Die diesjährige Gesamtsumme für die Sanktionen ist kein langjähriger Spitzenwert. Dieser stammt aus dem Jahr 2014, als Bußgelder von mehr als einer Milliarde Euro verhängt wurden. Das Geld fließt in den Bundeshaushalt, es ist nicht zweckgebunden. Der allergrößte Teil muss von Firmen gestemmt werden, verantwortliche Manager müssen in schweren Fällen bis zu eine Million Euro Strafe zahlen. Die Betroffenen können die Bußgeldbescheide vor Gericht anfechten.
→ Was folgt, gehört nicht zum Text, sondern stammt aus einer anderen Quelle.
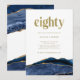 Estes convites de aniversário elegantes e modernos de 80 apresentam um aspecto escuro, azul marinho, de geode, com um texto moderno dourado falso que diz "oitenta".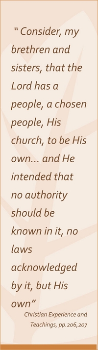 To emphasise these words, “God has a church. It is not the great cathedral, neither is it the national establishment, neither is it the various denominations; it is the people who love God and keep His commandments. 'Where two or three are gathered together in my name, there am I in the midst of them.' Where Christ is even among the humble few, this is Christ's church, for the presence of the High and Holy One who inhabiteth eternity can alone constitute a church.’
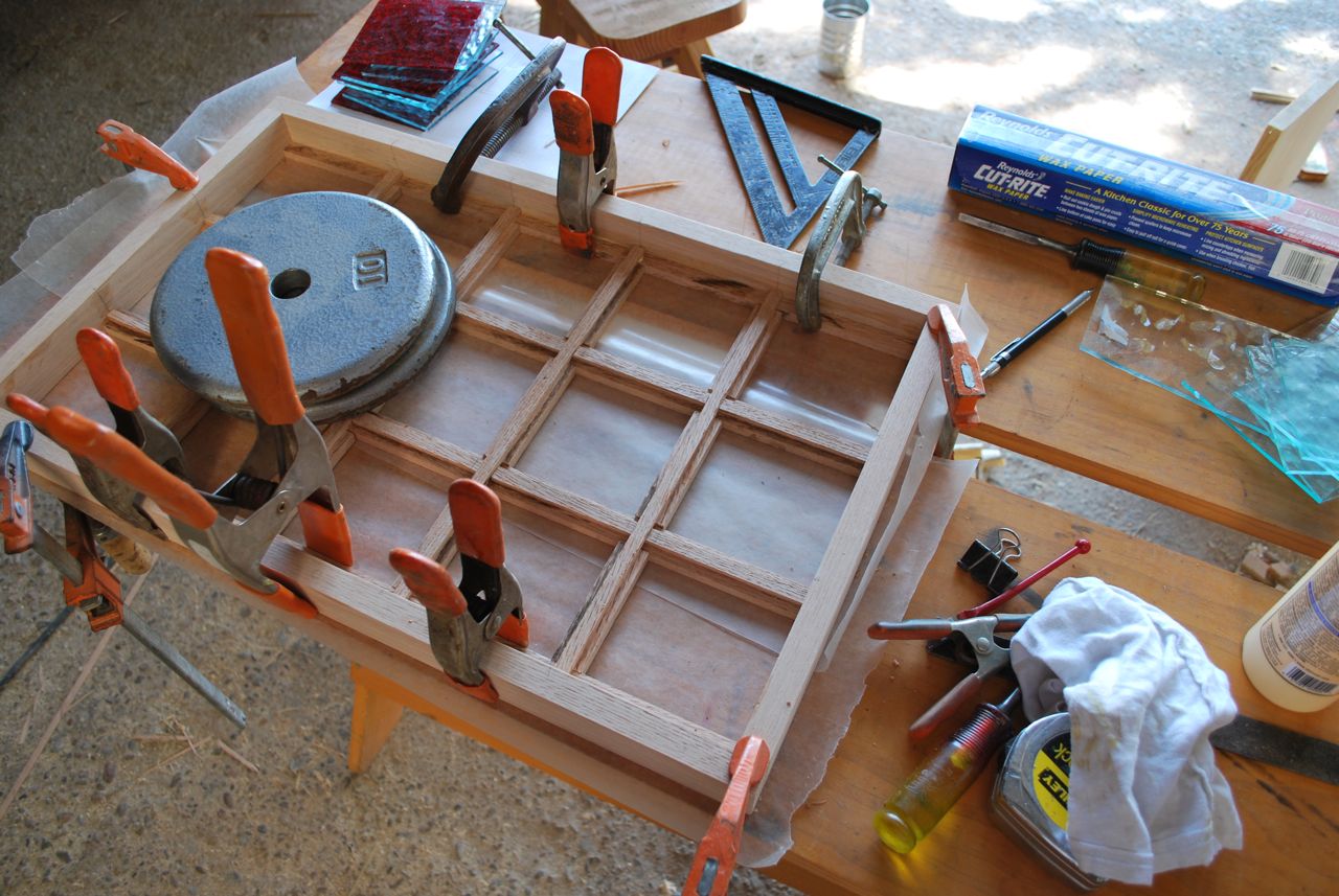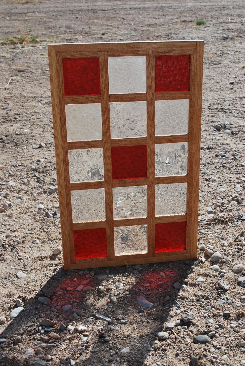 Fitted with three types of glass; wavy clear, hammered clear, and red with a lot of break-up. The widow will be fitted into a frame (pre-hung) so that it can be removed entirely for repair or replacement of the door. More to come soon.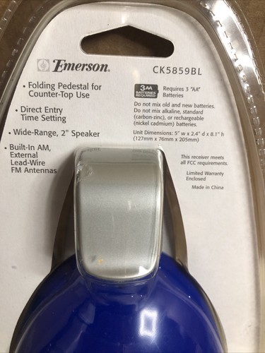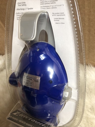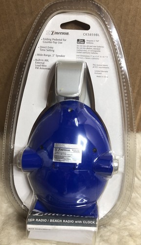 Sealed Vintage Emerson Hanging AM/FM Shower Radio With Clock Blue CK5859BL

Der Haken daran: Mitunter erhöht das Düsseldorfer Oberlandesgericht (OLG) die Gelder noch, anstatt sie zu kippen.

Für Aufsehen sorgte im Sommer das Vorgehen gegen sechs Edelstahl-Unternehmen und einen Branchenverband, die Bußgelder von insgesamt rund 205 Millionen Euro aufgebrummt bekamen. Hier ging es um Absprachen von 2004 bis 2015. "Die Unternehmen haben über Jahre hinweg wichtige Preisbestandteile beim Vertrieb von Edelstahl abgesprochen", erklärte Mundt.
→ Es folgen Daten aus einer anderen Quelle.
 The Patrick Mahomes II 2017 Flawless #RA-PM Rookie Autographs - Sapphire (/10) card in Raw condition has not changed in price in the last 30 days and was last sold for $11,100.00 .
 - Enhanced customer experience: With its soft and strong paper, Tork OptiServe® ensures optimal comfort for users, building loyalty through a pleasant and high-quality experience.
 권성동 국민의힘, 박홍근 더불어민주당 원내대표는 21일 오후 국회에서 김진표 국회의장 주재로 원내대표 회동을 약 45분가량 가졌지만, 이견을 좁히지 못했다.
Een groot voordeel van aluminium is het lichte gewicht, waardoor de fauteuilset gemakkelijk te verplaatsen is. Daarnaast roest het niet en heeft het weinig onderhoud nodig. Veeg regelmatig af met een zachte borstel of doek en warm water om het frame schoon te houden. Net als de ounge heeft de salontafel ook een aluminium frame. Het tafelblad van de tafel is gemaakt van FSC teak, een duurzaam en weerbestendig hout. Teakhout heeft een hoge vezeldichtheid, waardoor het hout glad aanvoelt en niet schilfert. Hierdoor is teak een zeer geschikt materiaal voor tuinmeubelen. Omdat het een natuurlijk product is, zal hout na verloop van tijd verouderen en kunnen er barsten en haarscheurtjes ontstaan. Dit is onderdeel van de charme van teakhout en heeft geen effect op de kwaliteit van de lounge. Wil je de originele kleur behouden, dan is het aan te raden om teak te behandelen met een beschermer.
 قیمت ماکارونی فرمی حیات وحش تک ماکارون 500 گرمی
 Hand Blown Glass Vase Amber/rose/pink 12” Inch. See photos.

Dunkelziffer ist weiterhin hoch


Ins Rollen gekommen war das Verfahren 2015 mit einer branchenweiten Durchsuchung nach einem Kronzeugen-Antrag des Stahlkonzerns Voestalpine. Die Firmen - darunter die Saarstahl AG - räumten die Vorwürfe ein. Eine Saarstahl-Sprecherin wies darauf hin, dass man "offen und konstruktiv" mit dem Kartellamt zusammengearbeitet habe.

Erwischt hatte es in diesem Jahr auch zwei Abpack-Unternehmen für Kartoffeln und Zwiebeln - die Wettbewerbshüter verdonnerten sie zu Bußgeldern von insgesamt mehr als 13 Millionen Euro. Die Betriebe hatten sich nach Angaben der Behörde jahrelang bei der Kalkulation ihrer Angebote für die Metro-Gruppe abgesprochen. Damit sei "der Preiswettbewerb zwischen den beiden Hauptlieferanten der Metro-Gruppe faktisch ausgeschaltet" worden. Die Unternehmen kaufen die Rohware nach der Ernte, übernehmen das Waschen, Sortieren, Verpacken und teils auch die Lagerung. Dann geht die Ware an den Einzelhandel.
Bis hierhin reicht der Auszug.